Architecture: Asymmetric Diffusion Transformer (AsymmDiT)
Parameters: ~10B
License: Apache 2.0 (commercial use allowed)
Output: 480p, up to 163 frames (~5.4s at 30fps)
Strengths: Strong prompt adherence, high-quality motion
Developed by: Genmo AI (October 2024)

Mochi 1 particularly excels at following complex prompts that describe motion — panning shots, character movement, and physical interactions — which is where many competing models fall short. If you want to explore other open-source video tools, our roundup of top AI video generators covers the broader landscape.

Mochi 1 Hardware Requirements

This is where most developers hit a wall. Mochi 1's hardware demands are real, but there are three viable paths depending on your setup.

VRAM Tiers at a Glance

VRAM Available	Mode	Suitable GPUs	Notes
60GB+	Full precision (float32)	A100 80GB, H100	Full 163-frame generation, fastest inference
22–24GB	bfloat16	RTX 3090, RTX 4090, A5000	Near-identical quality to float32; practical sweet spot
8–20GB	CPU offload + VAE tiling	RTX 3080, RTX 4070 Ti, RTX 4080	Works but significantly slower; shorter clips recommended
Multi-GPU	Model sharding	2x RTX 3090, 2x A5000	Official repo supports splitting across cards

For most developers, the RTX 3090 or RTX 4090 with the bfloat16 variant is the practical sweet spot. The 24GB tier is the minimum for reasonable generation speed without CPU offloading. If you're hitting VRAM limits across AI projects, our breakdown of why 24GB+ VRAM is hard to access provides useful context.

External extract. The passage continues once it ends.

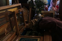 Мы открыли могилу, обнаружив в ней два гроба, крышки которых были вдавлены. Известно, что рядом с преподобным Ираклием был похоронен Сергей Бочарников, у которого святой жил последние годы своей жизни. В одном из гробов мы увидели остатки облачения – домотканное сукно с крестами, которые вышил сам преподобный. Также мы нашли деревянный крест, который обычно дается монаху в день пострига. На кресте отпечатались буквы разрешительной молитвы. Еще мы нашли небольшой пузырек с маслом от соборования. Очевидно, преподобный перед смертью, как и положено православному христианину, исповедался, причастился и пособоровался. Так мы поняли, в каком из гробов похоронен преподобный.

Storage: Downloading the Weights

Before running anything, account for model storage:

Model weights (dit.safetensors): ~19.5GB
VAE weights (decoder.safetensors): ~500MB
Total: ~20GB on disk

You'll also need 32GB+ system RAM when using CPU offloading mode, as model components get loaded to system RAM during generation. For standard high-VRAM setups, 16GB system RAM is sufficient.

How to Install Mochi 1

There are three practical installation paths. Choose based on your hardware and workflow preference.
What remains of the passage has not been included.